Author: Helena Luckhurst
This article is taken from Helena Luckhurst’s blog The Wealth Lawyer UK
Since February, when the President of the Family Division and the Court of Protection issued practice guidance on the publication of Court of Protection decisions, there have been many more Court of Protection cases reported in the mainstream press.
If publication of cases raises awareness among the general public of the benefit of planning for incapacity, that alone will make it worthwhile. Many people are still unaware of what could happen to their assets if they become incapable of managing them or what the options are in this respect.
In England, the Court of Protection is empowered to make decisions concerning the property and finances, and welfare and healthcare, of adults who lack capacity. However, adults can plan for who should take responsibility for their finances in these circumstances by making Lasting Powers of Attorney, naming attorneys of their choosing to make these decisions on their behalf. Where Lasting Powers of Attorney are in place, the Court will only intervene if the choice of attorney is disputed on registration based on a set list of objections or if, after registration, anyone raises concerns about the attorneys’ performance with the Office of the Public Guardian, which may refer the matter on to the Court.
Adults who do not make Lasting Powers should understand that they may have no say in who looks after their finances following incapacity – the Court of Protection will decide who gets to act as ‘deputy’. That’s why cases such as that of Re BM ( EWCOP B20) are interesting because they demonstrate how the Court will go about choosing who gets to act as deputy in less than clear-cut cases.
In Re BM, the incapacitated adult (BM) had no close family – just half-siblings that he had no significant contact with. BM suffered an aneurysm and lost capacity suddenly. With no Lasting Power in place, two individuals stepped forward to act as his deputy: the pastor in whose church BM had worshipped and a cousin of the half-blood, who opposed the minister’s appointment. In essence, as the judge noted, this was a battle between BM’s ‘two different support networks’.
The judgment confirms that the Court prefers family members to act as deputies wherever possible:
“… traditionally the court has preferred to appoint a relative or friend as deputy (if it is satisfied that it is in P’s [the incapacitated adult’s] best interests to do so), rather than appoint a complete stranger. This is because a relative or friend is usually familiar with P’s affairs and aware of their wishes and feelings. Someone with a close personal knowledge of P is also likely to be in a better position to meet the obligation of a deputy to consult with P, and to permit and encourage them to participate, or to improve their ability to participate, as fully as possible in any act or decision affecting them.
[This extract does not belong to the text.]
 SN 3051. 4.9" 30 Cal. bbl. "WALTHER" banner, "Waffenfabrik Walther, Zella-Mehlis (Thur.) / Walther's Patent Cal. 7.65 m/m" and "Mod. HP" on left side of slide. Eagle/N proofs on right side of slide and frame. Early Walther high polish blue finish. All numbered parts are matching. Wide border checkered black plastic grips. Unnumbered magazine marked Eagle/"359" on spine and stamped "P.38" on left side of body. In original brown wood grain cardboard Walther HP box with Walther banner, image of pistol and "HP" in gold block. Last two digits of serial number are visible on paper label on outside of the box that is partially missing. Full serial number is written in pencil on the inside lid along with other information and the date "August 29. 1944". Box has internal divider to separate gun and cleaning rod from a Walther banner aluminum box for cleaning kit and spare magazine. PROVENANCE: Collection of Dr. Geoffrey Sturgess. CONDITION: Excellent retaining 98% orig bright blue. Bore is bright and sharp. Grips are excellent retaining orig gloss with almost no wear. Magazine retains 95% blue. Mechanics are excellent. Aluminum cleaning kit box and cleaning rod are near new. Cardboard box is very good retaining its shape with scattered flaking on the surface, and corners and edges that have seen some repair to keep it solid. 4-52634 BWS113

And, because professionals charge for their services, the appointment of a relative or friend is preferred for reasons of economy.”
However, the judge then proceeds to give helpful guidance on when family members or friends are not likely to be appointed, and noted that:
“No one has an automatic right to be appointed as deputy. The Court of Protection has a discretion as to whom it appoints …”
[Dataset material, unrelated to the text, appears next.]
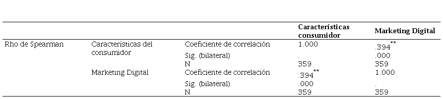 Seguidamente, conforme se refleja en la tabla 2, en la investigación se determinó que la dimensión, características del consumidor tiene una relación de 0.394 con la variable marketing digital, siendo una correlación positiva baja. En congruencia, Ordoñez et al. (2021) encontraron en su estudio que el acto de compra de productos en línea está supeditado a la actitud, conocimiento y creencias de los consumidores. En complemento a ello, Cho et al. (2022) identificaron que los esfuerzos de marketing digital en entretenimiento, interacción, tendencia, personalización y compromiso visual conllevan a beneficios en términos de satisfacción e intención de volver a comprar. Los resultados encontrados en la pesquisa ayudan a comprender cómo influyen las variables psicológicas en la toma de decisiones de compra y cómo el marketing digital puede aprovechar esas características para influir en el comportamiento del consumidor. En atención a lo cual, al profundizar el estudio de las variables y recurrir a la revisión de la literatura especializada se toma una postura dilemática considerando la potencialidad que posee el marketing digital al momento de predecir comportamientos y dirigir estrategias, eventualmente poco altruistas, que en efecto demandan de experiencias positivas y sólidas, hecho crucial cuando existen vacíos y falta de información para regular su práctica ética.

So who won? Well, the fact that the person named as executrix in BM’s last will, executed some seven years prior to his incapacity, favoured the half-cousin’s appointment carried some weight with the Court and the half-cousin got the job.
Unfortunately BM’s own wishes as to his choice of deputy were unascertainable. However, the matter may not have ended up in court (and published for all the world to see, albeit in an anonymised form – on this occasion) if he had used a Lasting Power to demonstrate unequivocally which candidate he favoured.